Come le sono parse le recenti dichiarazioni dell'onorevole Di Giorgi?
"Sembra che segua più un filo ideologico. Parla di mantenere l'arte, preservare l'architettura... Ma questo non c'entra niente, perché dentro a uno stadio bisogna giocarci. Non si tratta di una chiesa, che nasce con un valore artistico: lo stadio è un luogo di utilità. Altrimenti è preferibile cominciare a farli brutti, se serve a evitare tutti questi vincoli. Il Franchi è come una bella donna che però ora ha 90 anni e non è più quella di prima...".

Sembra che la tifoseria preferisca l'ipotesi Campi Bisenzio. Che ne pensa?
"Al momento non ha importanza il luogo. C'è massimo rispetto per le idee di chi ha intenzione di investire".

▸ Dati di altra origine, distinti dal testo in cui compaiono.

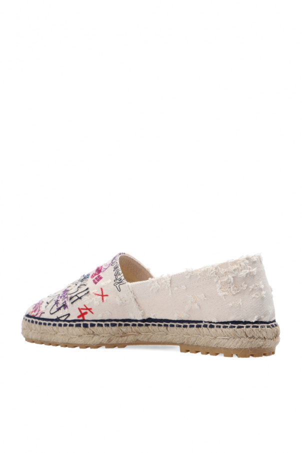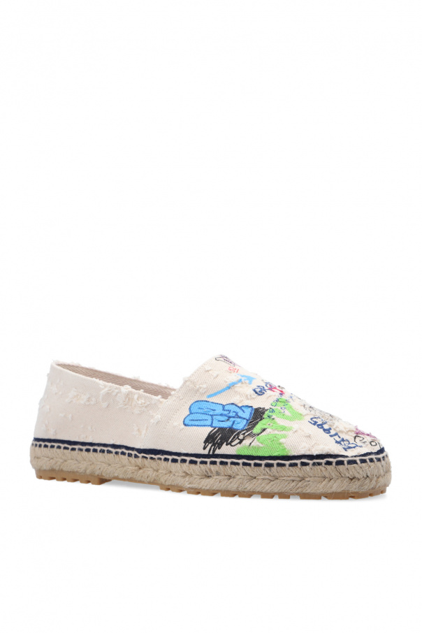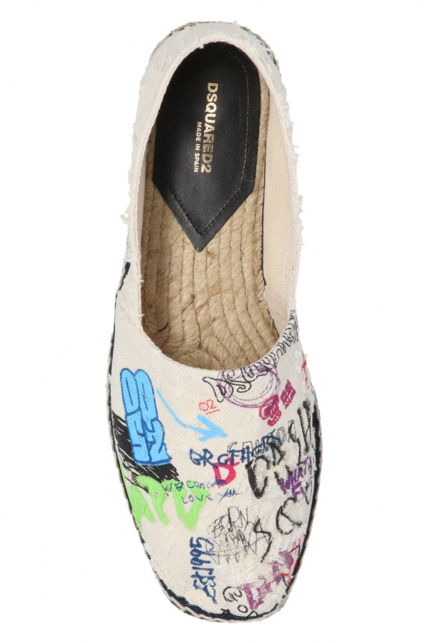 Multicolored espadrilles from Dsquared2. Made of fabric, this pair features a multicolored logo pattern, faded effect and beige rubber sole.

I luoghi scelti per gli striscioni sono gli stessi che sancirono la separazione coi Della Valle...
"Certo. Le lenzuolate furono utilizzate anche per mandare via Cecchi Gori, servirono a dare un'ulteriore picconata alla situazione nonostante non ci fossero ancora i social, che oggi danno molto più risalto".

Dobbiamo aspettarci nuove iniziative nei prossimi giorni?
"Sì, potrebbero essercene. È ancora da capire, ma il punto è che vogliamo che qualcuno smetta di pensare di poter ciurlare nel manico di questa faccenda. Perché ormai la questione stadio è una novella dello stento che va avanti da troppi anni: prima si trattava della capienza, poi della polivalenza delle sue funzioni, poi ci sono stati i mondiali del '90 che ridussero il Franchi in maniera imbarazzante...".